§ **What to do**
Extract the stretch of lines that starts at the line with "5月11日3時許,北京協和醫" and ends at the last line of the data below. Give it exactly, without pictures.

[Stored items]
┄┄┄┄┄┄┄┄┄┄

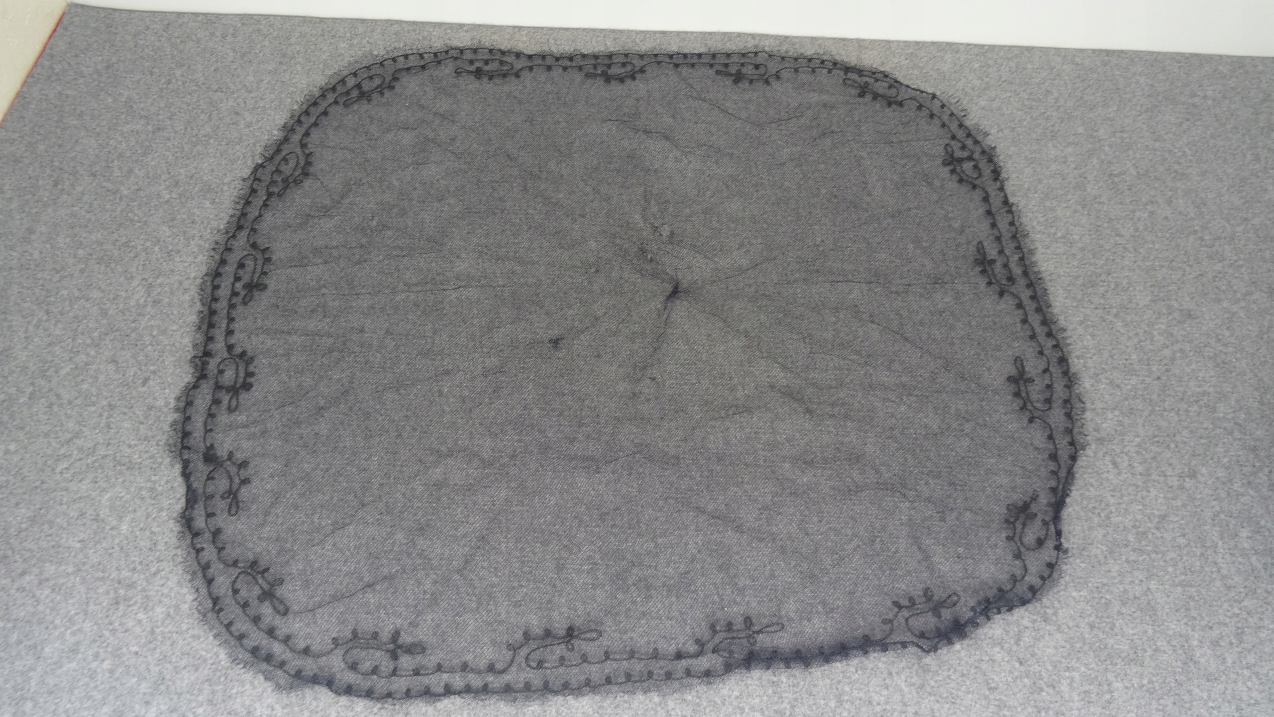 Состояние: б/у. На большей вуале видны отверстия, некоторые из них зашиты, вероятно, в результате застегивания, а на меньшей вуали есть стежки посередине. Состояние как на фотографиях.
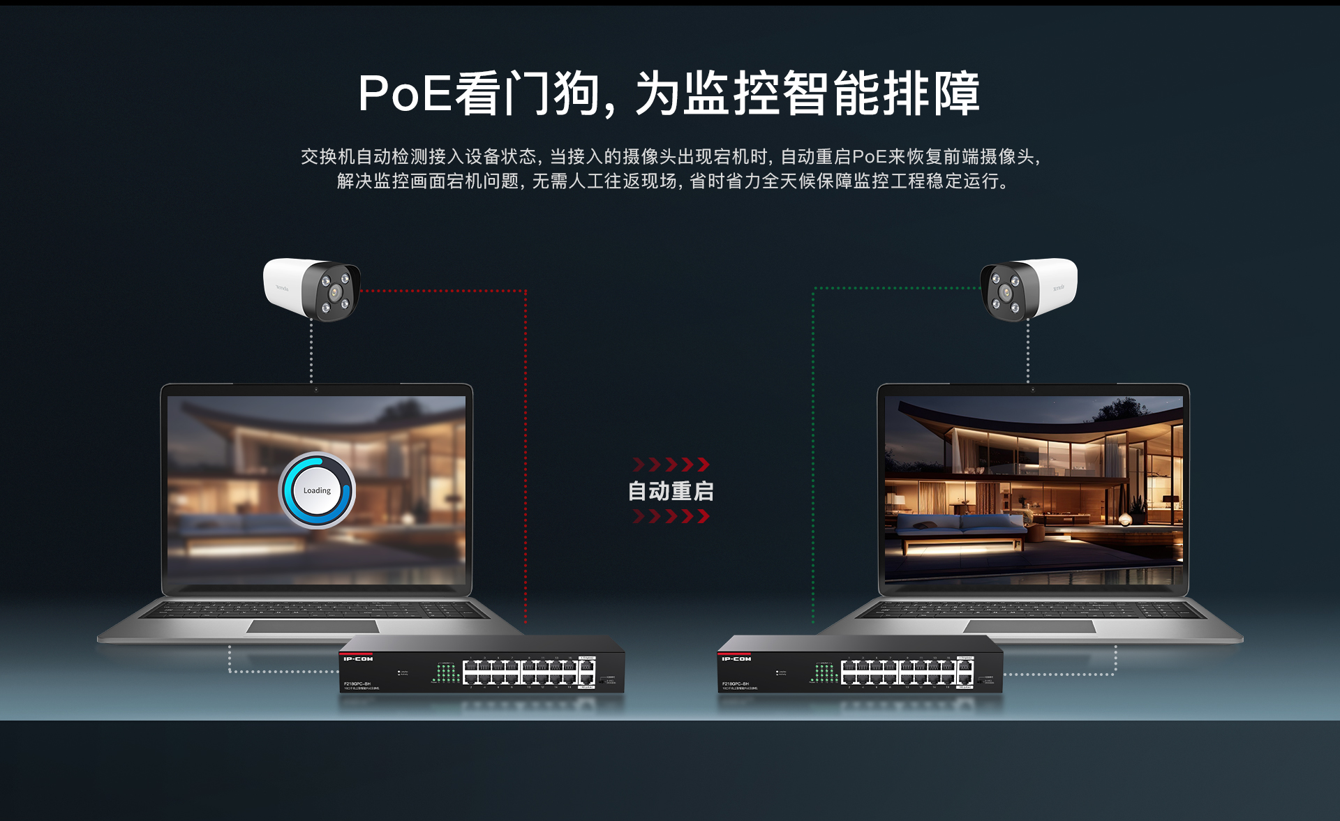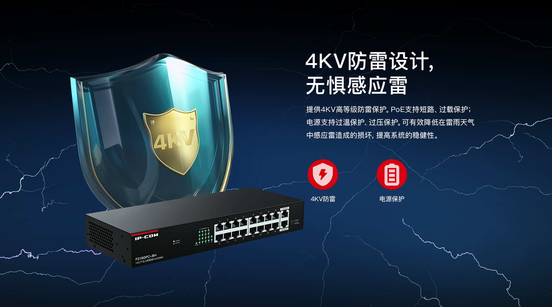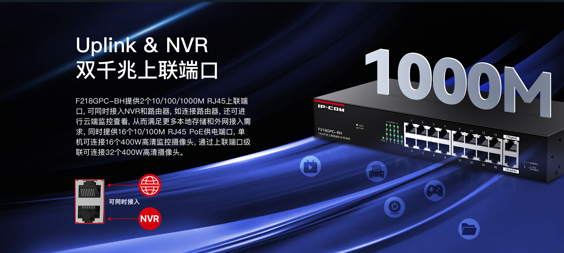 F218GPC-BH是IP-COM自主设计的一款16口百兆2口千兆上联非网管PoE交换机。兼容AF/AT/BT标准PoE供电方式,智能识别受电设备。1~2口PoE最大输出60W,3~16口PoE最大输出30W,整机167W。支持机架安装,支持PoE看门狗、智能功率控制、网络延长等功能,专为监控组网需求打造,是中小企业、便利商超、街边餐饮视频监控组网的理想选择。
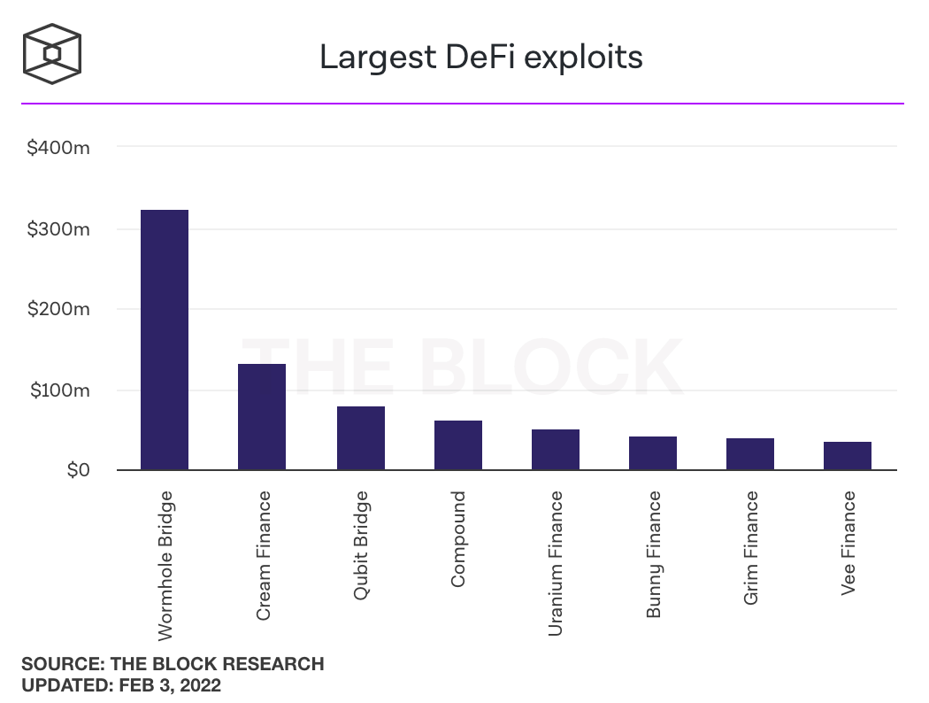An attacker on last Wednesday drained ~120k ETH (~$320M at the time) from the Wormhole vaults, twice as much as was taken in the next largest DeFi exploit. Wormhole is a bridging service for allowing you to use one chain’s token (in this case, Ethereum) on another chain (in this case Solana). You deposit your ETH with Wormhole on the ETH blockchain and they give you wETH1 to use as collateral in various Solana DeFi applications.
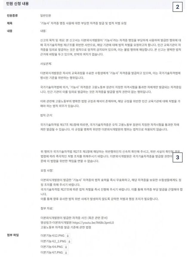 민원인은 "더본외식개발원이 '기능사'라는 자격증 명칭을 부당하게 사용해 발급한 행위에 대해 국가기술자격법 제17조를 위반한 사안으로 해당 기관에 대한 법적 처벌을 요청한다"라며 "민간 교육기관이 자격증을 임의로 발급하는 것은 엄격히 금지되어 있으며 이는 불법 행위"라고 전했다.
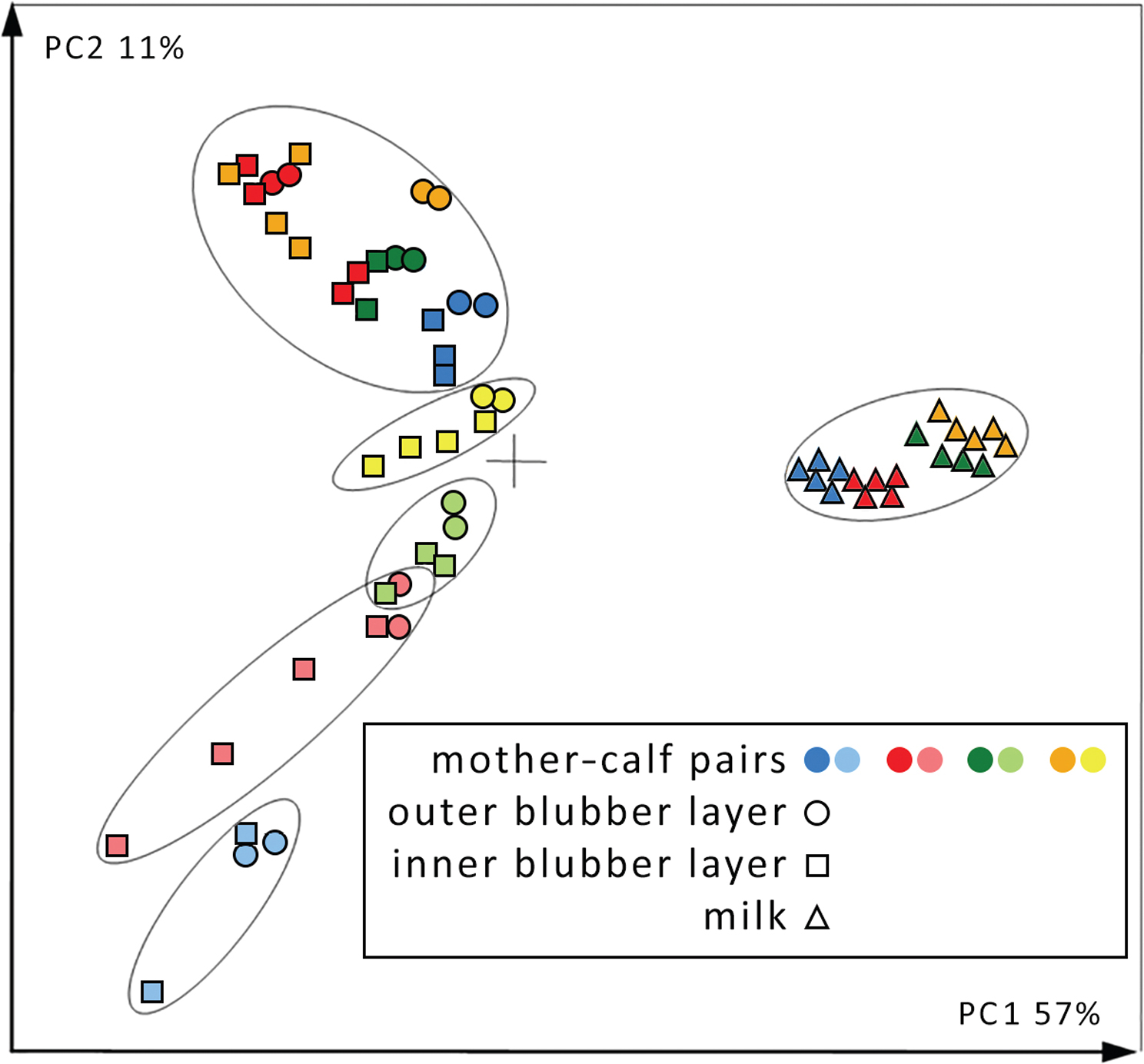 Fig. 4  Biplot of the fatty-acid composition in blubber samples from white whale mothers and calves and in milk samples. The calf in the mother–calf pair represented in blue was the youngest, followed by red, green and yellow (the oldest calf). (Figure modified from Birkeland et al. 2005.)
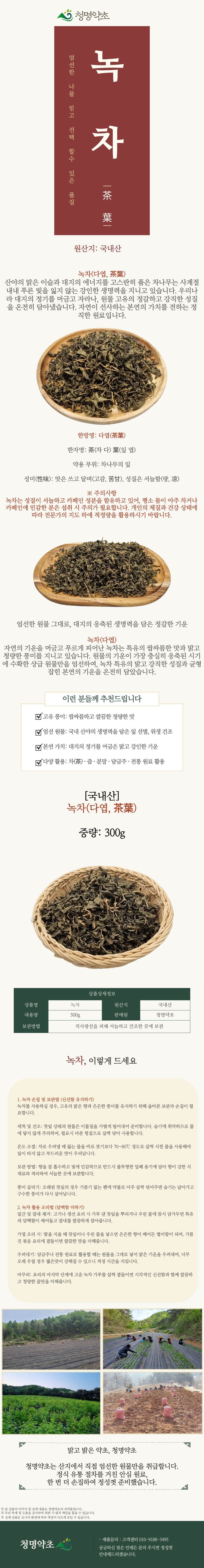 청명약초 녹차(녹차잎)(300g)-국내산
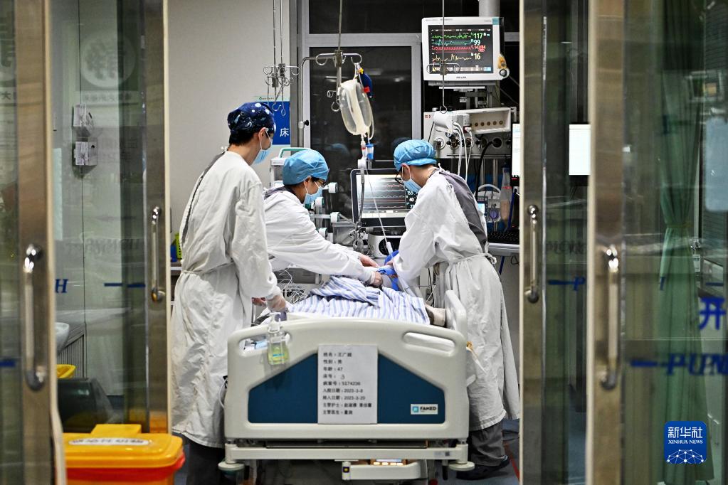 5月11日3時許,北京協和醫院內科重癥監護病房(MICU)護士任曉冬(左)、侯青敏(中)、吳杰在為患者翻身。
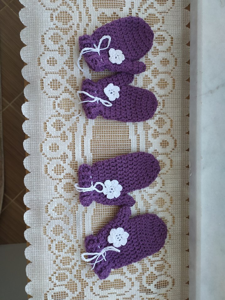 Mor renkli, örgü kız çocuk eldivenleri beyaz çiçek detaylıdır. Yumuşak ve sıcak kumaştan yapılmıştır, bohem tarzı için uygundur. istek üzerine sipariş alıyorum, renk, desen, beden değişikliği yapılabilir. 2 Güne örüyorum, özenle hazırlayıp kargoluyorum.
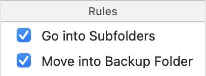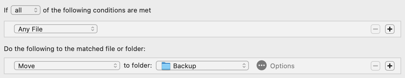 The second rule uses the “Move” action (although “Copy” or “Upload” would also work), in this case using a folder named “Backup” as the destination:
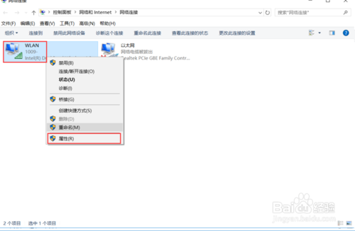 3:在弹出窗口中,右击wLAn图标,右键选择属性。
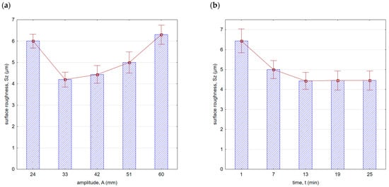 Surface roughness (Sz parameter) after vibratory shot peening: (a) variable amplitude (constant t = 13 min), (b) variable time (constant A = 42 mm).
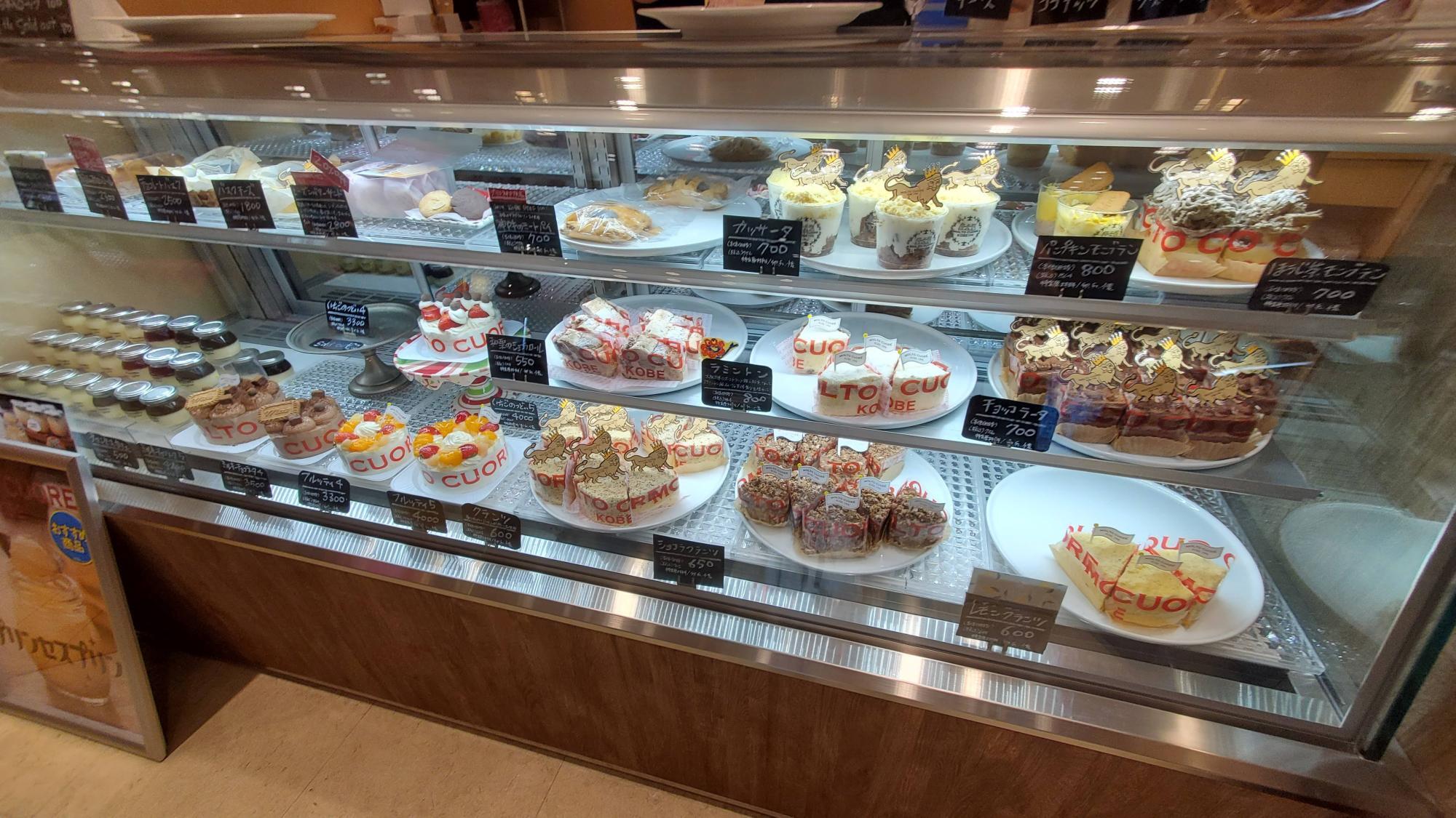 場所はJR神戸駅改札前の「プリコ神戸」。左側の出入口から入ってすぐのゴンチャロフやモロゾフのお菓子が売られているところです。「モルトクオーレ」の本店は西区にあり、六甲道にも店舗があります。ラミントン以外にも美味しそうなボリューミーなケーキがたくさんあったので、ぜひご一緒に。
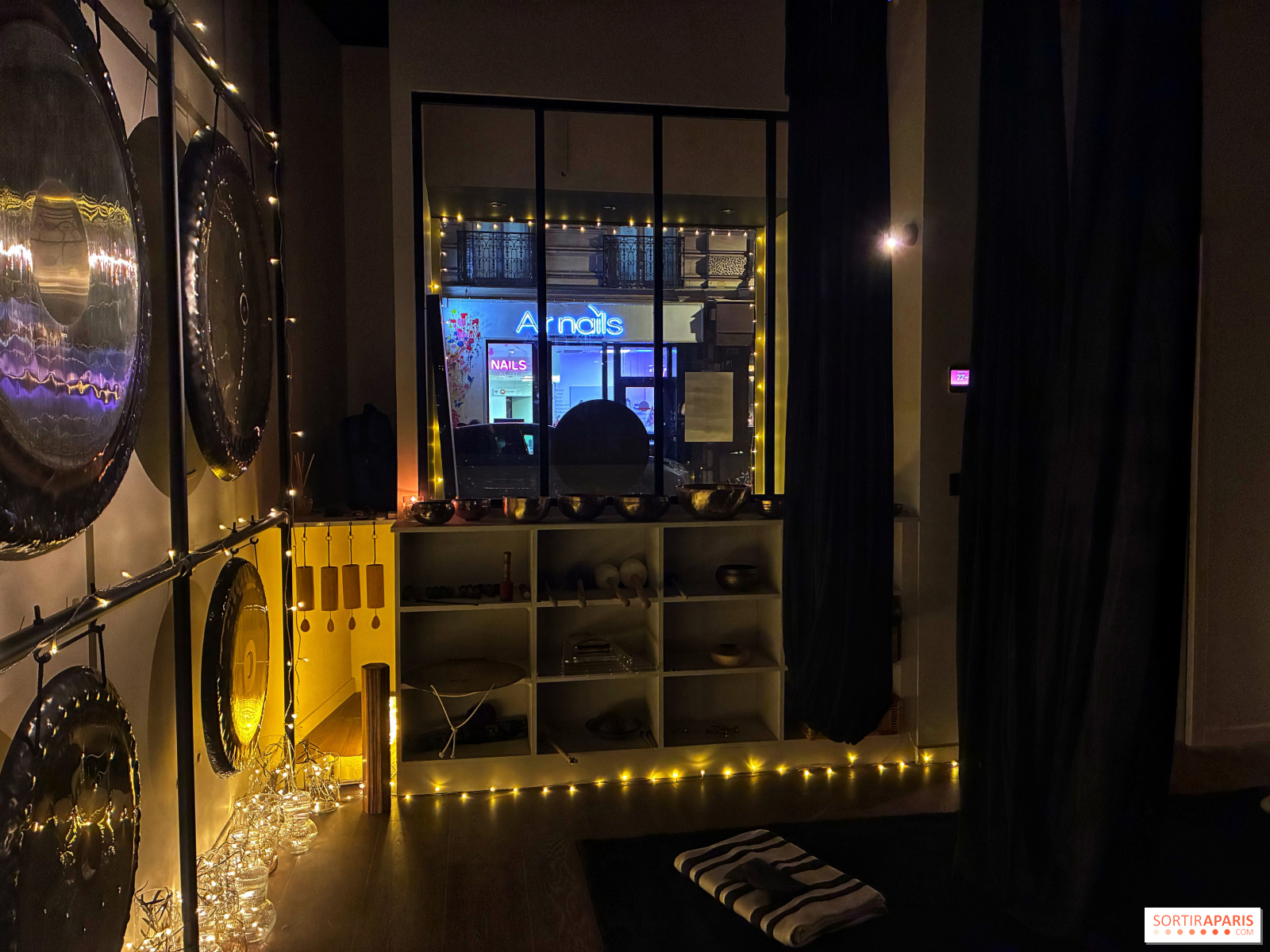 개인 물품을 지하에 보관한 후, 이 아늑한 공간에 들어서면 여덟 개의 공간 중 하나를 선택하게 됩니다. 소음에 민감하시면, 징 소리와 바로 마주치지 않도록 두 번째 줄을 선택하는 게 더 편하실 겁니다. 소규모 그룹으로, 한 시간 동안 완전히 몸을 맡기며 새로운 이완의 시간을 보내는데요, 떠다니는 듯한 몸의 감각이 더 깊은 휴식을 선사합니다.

┄┄┄┄┄┄┄┄┄┄

§ **Result for this exercise**
 5月11日3時許,北京協和醫院內科重癥監護病房(MICU)護士任曉冬(左)、侯青敏(中)、吳杰在為患者翻身。
 Mor renkli, örgü kız çocuk eldivenleri beyaz çiçek detaylıdır. Yumuşak ve sıcak kumaştan yapılmıştır, bohem tarzı için uygundur. istek üzerine sipariş alıyorum, renk, desen, beden değişikliği yapılabilir. 2 Güne örüyorum, özenle hazırlayıp kargoluyorum.
 The second rule uses the “Move” action (although “Copy” or “Upload” would also work), in this case using a folder named “Backup” as the destination:
 3:在弹出窗口中,右击wLAn图标,右键选择属性。
 Surface roughness (Sz parameter) after vibratory shot peening: (a) variable amplitude (constant t = 13 min), (b) variable time (constant A = 42 mm).
 場所はJR神戸駅改札前の「プリコ神戸」。左側の出入口から入ってすぐのゴンチャロフやモロゾフのお菓子が売られているところです。「モルトクオーレ」の本店は西区にあり、六甲道にも店舗があります。ラミントン以外にも美味しそうなボリューミーなケーキがたくさんあったので、ぜひご一緒に。
 개인 물품을 지하에 보관한 후, 이 아늑한 공간에 들어서면 여덟 개의 공간 중 하나를 선택하게 됩니다. 소음에 민감하시면, 징 소리와 바로 마주치지 않도록 두 번째 줄을 선택하는 게 더 편하실 겁니다. 소규모 그룹으로, 한 시간 동안 완전히 몸을 맡기며 새로운 이완의 시간을 보내는데요, 떠다니는 듯한 몸의 감각이 더 깊은 휴식을 선사합니다.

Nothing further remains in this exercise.